ASSIGNED TASK: As you restate the entries, keep every word intact and leave out whatever images they hold.

DATA FOR PROCESSING:
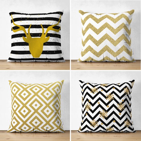 Realhomes Çift Taraflı Altın Varaklı Geometrik Desenli Modern 4’lü Süet Yastık Kırlent Kılıf Seti
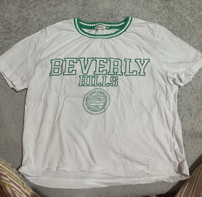 kısa kollu, yuvarlak yakalı, rahat kesim keten kumaştan beyaz tişört. Üzerinde 'Beverly Hills' baskısı ve kemer detayı bulunur. Trend sokak stili için uygundur.
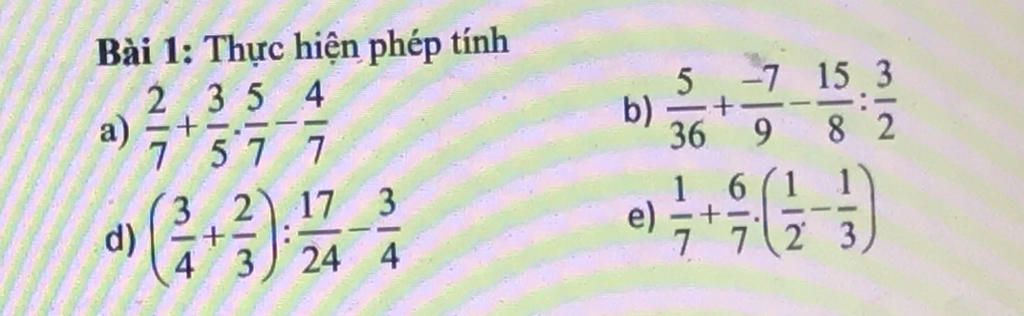 `e)` `1/7 + 6/7 . ( 1/2 - 1/3 )`
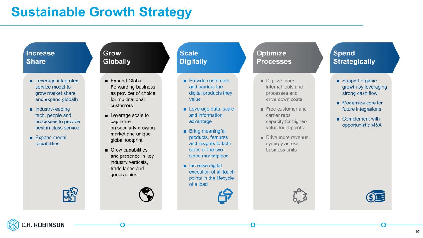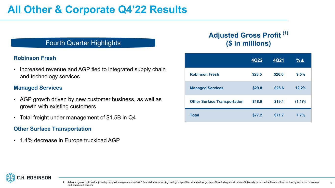 All Other & Corporate Q4’22 Results 9 Robinson Fresh ▪ Increased revenue and AGP tied to integrated supply chain and technology services Managed Services ▪ AGP growth driven by new customer business, as well as growth with existing customers ▪ Total freight under management of $1.5B in Q4 Other Surface Transportation ▪ 1.4% decrease in Europe truckload AGP 4Q22 4Q21 %▲ Robinson Fresh $28.5 $26.0 9.5% Managed Services $29.8 $26.6 12.2% Other Surface Transportation $18.9 $19.1 (1.1)% Total $77.2 $71.7 7.7% Adjusted Gross Profit (1) ($ in millions) 1. Adjusted gross profit and adjusted gross profit margin are non-GAAP financial measures. Adjusted gross profit is calculated as gross profit excluding amortization of internally developed software utilized to directly serve our customers and contracted carriers.
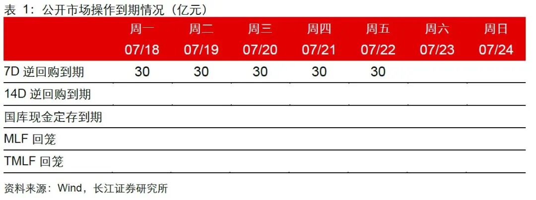 最新一周(7月11日-7月15日)央行公开市场净投放400亿元。其中,开展150亿元逆回购操作,150亿元逆回购到期,逆回购层面净投放0亿元;此外,MLF投放1000亿元,MLF回笼1000亿元,国库现金定存400亿元。

ANSWER AREA:
 Realhomes Çift Taraflı Altın Varaklı Geometrik Desenli Modern 4’lü Süet Yastık Kırlent Kılıf Seti
 kısa kollu, yuvarlak yakalı, rahat kesim keten kumaştan beyaz tişört. Üzerinde 'Beverly Hills' baskısı ve kemer detayı bulunur. Trend sokak stili için uygundur.
 `e)` `1/7 + 6/7 . ( 1/2 - 1/3 )`
 All Other & Corporate Q4’22 Results 9 Robinson Fresh ▪ Increased revenue and AGP tied to integrated supply chain and technology services Managed Services ▪ AGP growth driven by new customer business, as well as growth with existing customers ▪ Total freight under management of $1.5B in Q4 Other Surface Transportation ▪ 1.4% decrease in Europe truckload AGP 4Q22 4Q21 %▲ Robinson Fresh $28.5 $26.0 9.5% Managed Services $29.8 $26.6 12.2% Other Surface Transportation $18.9 $19.1 (1.1)% Total $77.2 $71.7 7.7% Adjusted Gross Profit (1) ($ in millions) 1. Adjusted gross profit and adjusted gross profit margin are non-GAAP financial measures. Adjusted gross profit is calculated as gross profit excluding amortization of internally developed software utilized to directly serve our customers and contracted carriers.
 最新一周(7月11日-7月15日)央行公开市场净投放400亿元。其中,开展150亿元逆回购操作,150亿元逆回购到期,逆回购层面净投放0亿元;此外,MLF投放1000亿元,MLF回笼1000亿元,国库现金定存400亿元。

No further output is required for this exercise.